Dad and I now visualized like bastards, imagining the cancer beaten back by a series of military metaphors. But that’s when Dad’s mostly dormant Catholic imagery came to the fore.

“I’m a piece of coal, and God’s dropped me from his airplane, and I’m plunging through the earth,” Dad said.

Meanwhile, AA folks attended my father in droves. It was not unusual to for a crew to show up at our house to literally lift Dad into a car to get him to a meeting. When Dad lost the ability to walk, Dad’s sponsor created an ad hoc meeting at our house. When Dad fell into a coma, AA members read to him in the hospital room, as the smell of his bedsores filled the room.

When he died, we buried him with his hat.

Even during the year of my father’s cancer, the idea of drinking didn’t really occur to me. The idea of suicide did, though, especially after my live-in boyfriend had a drunken romp with a man with herpes, in the house of a mutual friend.
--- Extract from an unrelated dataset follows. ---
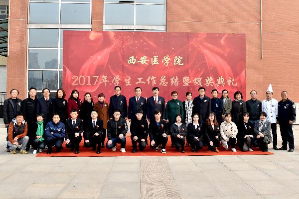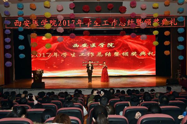 12月28日下午,我校2017年学生工作总结暨颁奖典礼在学术报告厅隆重举行。校党委书记范兵,党委副书记、院长杨帆,副院长弥曼,副院长黄保强,党委副书记熊冬梅,副院长李雪萍,副院长张越林,纪委书记吴毅及有关部门负责人和全体学工干部出席了本次颁奖典礼。同时,为学生成长成才辛勤付出的省级师德标兵、省级教学名师、学生工作一线的学工骨干、十年如一日在基层默默奉献的服务明星作为颁奖嘉宾也出席了颁奖典礼。本次活动由学工部主办,临床医学院承办,全校450余名学生代表参加了典礼。

It wasn’t so much I wanted to die, as I just didn’t want to be alive anymore. I went to meetings in a state of fury. I spoke in tongues. I could barely hear what people said, but I didn’t drink.

I wasn’t angry with God that year, only cancer. I didn’t think God was all that interested in cancer. But every time I would admire His Handiwork, I would also spot some place where His Chaos was in full bloom. After my father’s death, the idea of God stopped making any sense to me at all.

When people first come to AA, shaking and dry and wrecked, they are urged to “use the group,” to “act as if,” to “fake it until you make it.” In the beginning, I found most of these slogans loathsomely saccharine. Now, I use them incessantly. I’ve gone from thinking that AA was mostly made of morons to becoming convinced that AA founders Dr. Bob and Bill W. managed to careen their way to a kind of elegant American Buddhism. Kind of Zen Mind, Alkie Mind.

Because when I go to meetings now, I feel more at home than ever. I live in a big city where it is possible to find all flavors of AA meetings, including those aimed at the agnostic. But that isn’t why I feel at home. I don’t believe in God, and I say so, and no one throws me out. Because ultimately, the only requirement for AA membership, as I hear in every meeting, is a desire to stop drinking. And I still want that.

Some people may thank me for my sharing. Still others, I am sure, think I will drink soon. It has been 21 years since I did, but they may be right. It matters less and less to me what I believe, and more and more to me that I show up, a day at a time, in my life, and listen to the stories of others doing the same thing. Occasionally, I offer advice, mostly in the form of-stories about my life. My most usual prayer is the AA short form of the Serenity Prayer, which is: “Fuck it.” This feels like enough.

AA is quite short on absolutes, but there is a portion in the AA “Big Book” that suggests that if you stick around, your life will change, and get better. Mine certainly has. I’m married now, to a man I love, and I have a mother-in-law I adore.

More than fifty years ago, my Jewish mother-in-law survived her time in the concentration camps by pretending to be Christian. She memorized the Hail Mary in Polish, and she has never, to this day, forgotten it. She never believed in the prayer, but it still saved her life.

Recently, my husband and I began volunteering at an animal shelter in a bombed out part of a city known for its drug trade. At the shelter, we walk a dog that, when we buy our home, we may adopt. She is a two-year-old beagle mix, already the mother of puppies, already abandoned once on the streets. She was distant when we first walked her, pulling on the leash, not the least interested in us. Now she nuzzles us, nips us, runs with us. Now yanks us forward, takes us where we don’t want to go. We avoid broken bottles and syringes and fast food wrappers, but we try to follow her lead. Last week, the dog yanked us down a solitary street-and suddenly, we were on a pretty patch of grass.

Her name is Faith.

Martha G. is a writer in a Northeastern city.